** Dataset content follows **
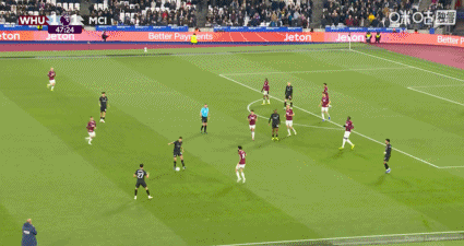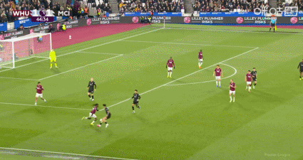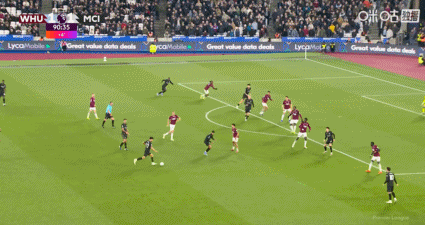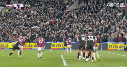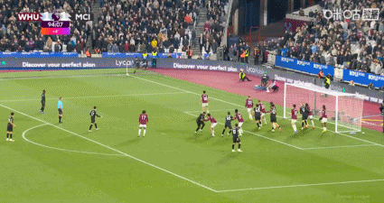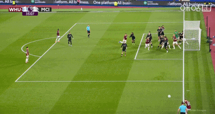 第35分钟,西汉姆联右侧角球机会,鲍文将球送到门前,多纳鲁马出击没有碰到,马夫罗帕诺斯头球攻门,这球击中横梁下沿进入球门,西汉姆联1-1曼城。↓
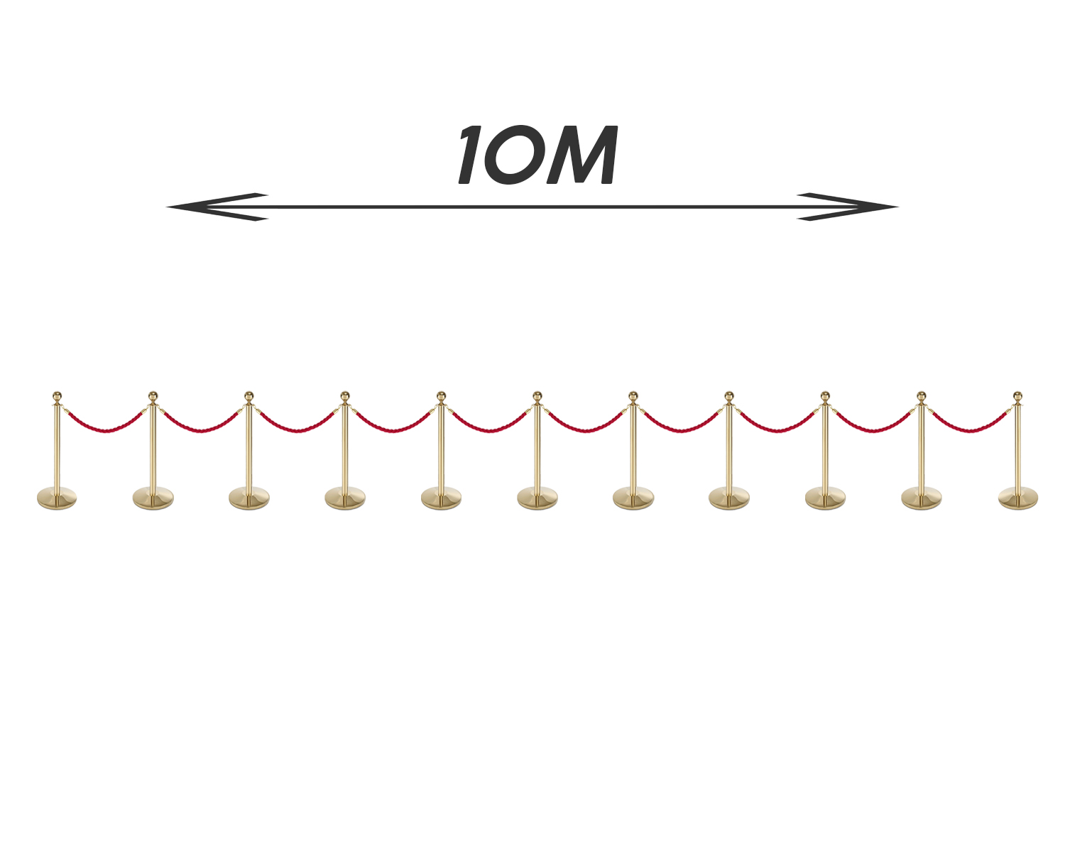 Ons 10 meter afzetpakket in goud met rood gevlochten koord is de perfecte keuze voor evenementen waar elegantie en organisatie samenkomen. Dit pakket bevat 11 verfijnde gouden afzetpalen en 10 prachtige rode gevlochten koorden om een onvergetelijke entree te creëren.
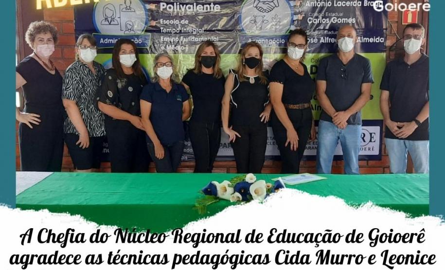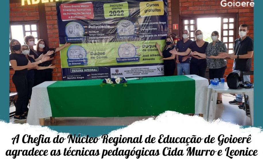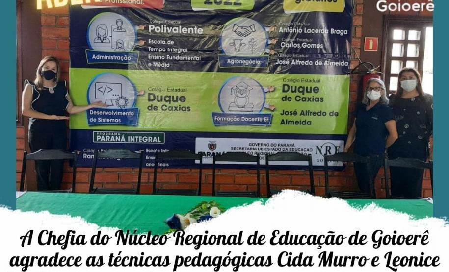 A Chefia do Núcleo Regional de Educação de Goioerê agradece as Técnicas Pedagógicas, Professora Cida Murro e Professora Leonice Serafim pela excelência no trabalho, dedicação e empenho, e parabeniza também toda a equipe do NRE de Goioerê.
** End of Dataset content **
Please write the data out again exactly, but do not carry over the pictures.

 第35分钟,西汉姆联右侧角球机会,鲍文将球送到门前,多纳鲁马出击没有碰到,马夫罗帕诺斯头球攻门,这球击中横梁下沿进入球门,西汉姆联1-1曼城。↓
 Ons 10 meter afzetpakket in goud met rood gevlochten koord is de perfecte keuze voor evenementen waar elegantie en organisatie samenkomen. Dit pakket bevat 11 verfijnde gouden afzetpalen en 10 prachtige rode gevlochten koorden om een onvergetelijke entree te creëren.
 A Chefia do Núcleo Regional de Educação de Goioerê agradece as Técnicas Pedagógicas, Professora Cida Murro e Professora Leonice Serafim pela excelência no trabalho, dedicação e empenho, e parabeniza também toda a equipe do NRE de Goioerê.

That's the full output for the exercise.